The prediction of ovulation time is one of the most important and yet difficult processes in pig production, and it has a considerable impact on the fertility of the herd and litter size. The objective of this study was to assess the vulvar skin temperature of sows during proestrus and estrus using infrared thermography and to establish a possible relationship between the variations in vulvar temperature and ovulation. The experimental group comprised 36 crossbred Large White × Landrace females, of which 6 were gilts and 30 were multiparous sows. Estrus was detected twice daily and the temperature was obtained every 6 hours from the vulvar area and from two control points in the gluteal area (Gluteal skin temperature [GST]). A third variable, vulvar–gluteal temperature (VGT) was obtained from the difference between the vulvar skin temperature and the GST values. The animals were divided into two subgroups: group A consisting of 11 animals with estrus detected at 6:00 AM, Day 4 postweaning, and group B comprising seven animals with estrus detected at 6:00 AM, Day 5 post-weaning.

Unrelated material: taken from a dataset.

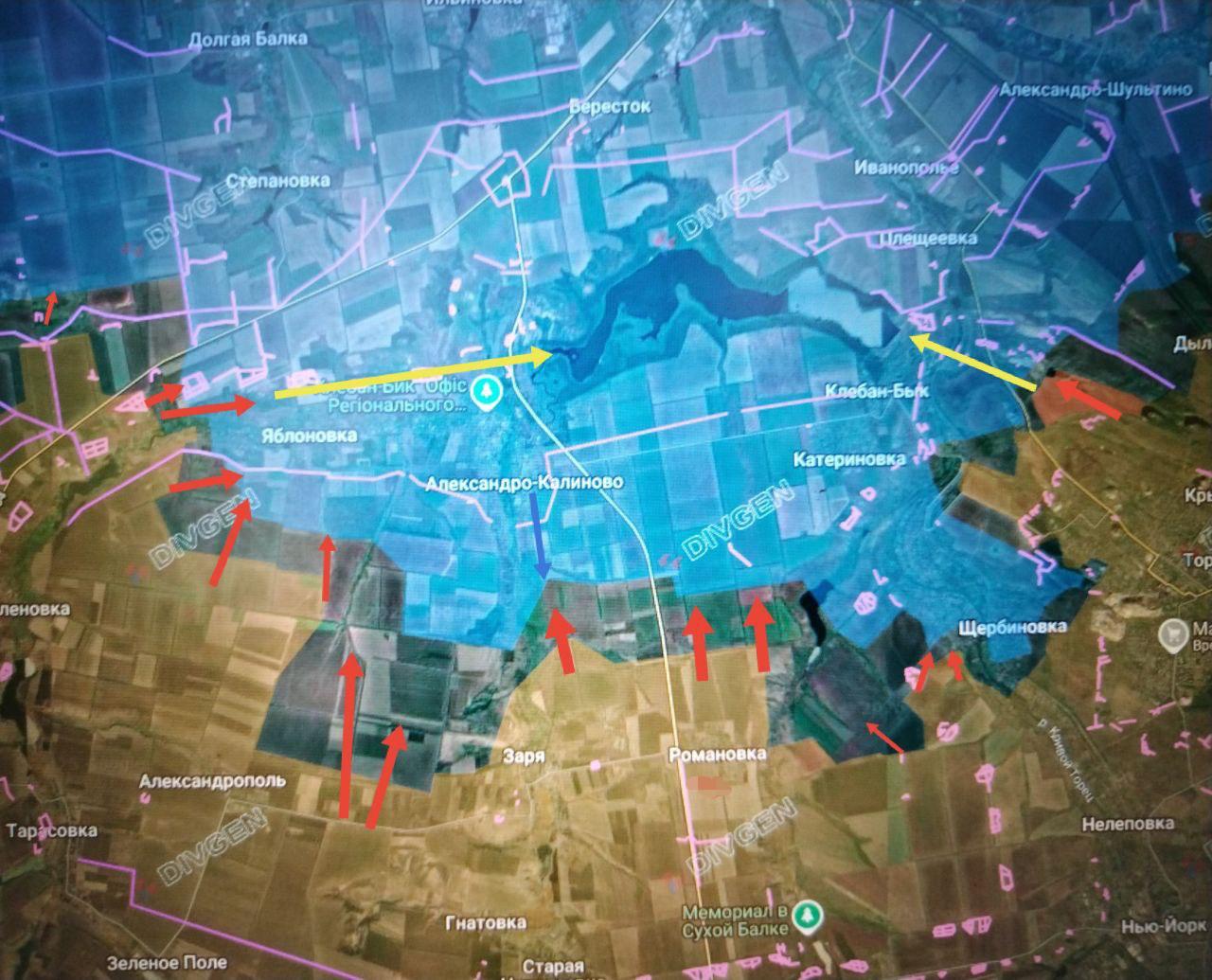 Наши войска наступают с запада (в ЯБЛОНОВКЕ) и востока (западнее пос. ГОРЬКОГО (Дылеевка)) к Клебан-Быкскому водохранилищу, угрожая окружением группировки противника южнее (в районе ЩЕРБИНОВКА – НОВОСПАССКОЕ – КАТЕРИНОВКА АЛЕКСАНДРО-КАЛИНОВО).

Both groups showed a similar trend in the VGT. The VGT increased during the proestrus, reaching a peak 24 hours before estrus in group A and 48 hours before estrus in group B. The VGT then decreased markedly reaching the lowest value in groups A and B, respectively, 12 and 6 hours after estrus. Although the time of ovulation was only estimated on the basis of a literature review, the matching between the temporal variations of the VGT values and the predicted time of the peak of estradiol secretion that ultimately leads to the ovulation processes suggests that the VGT values represent a potential predictive marker of the ovulatory events.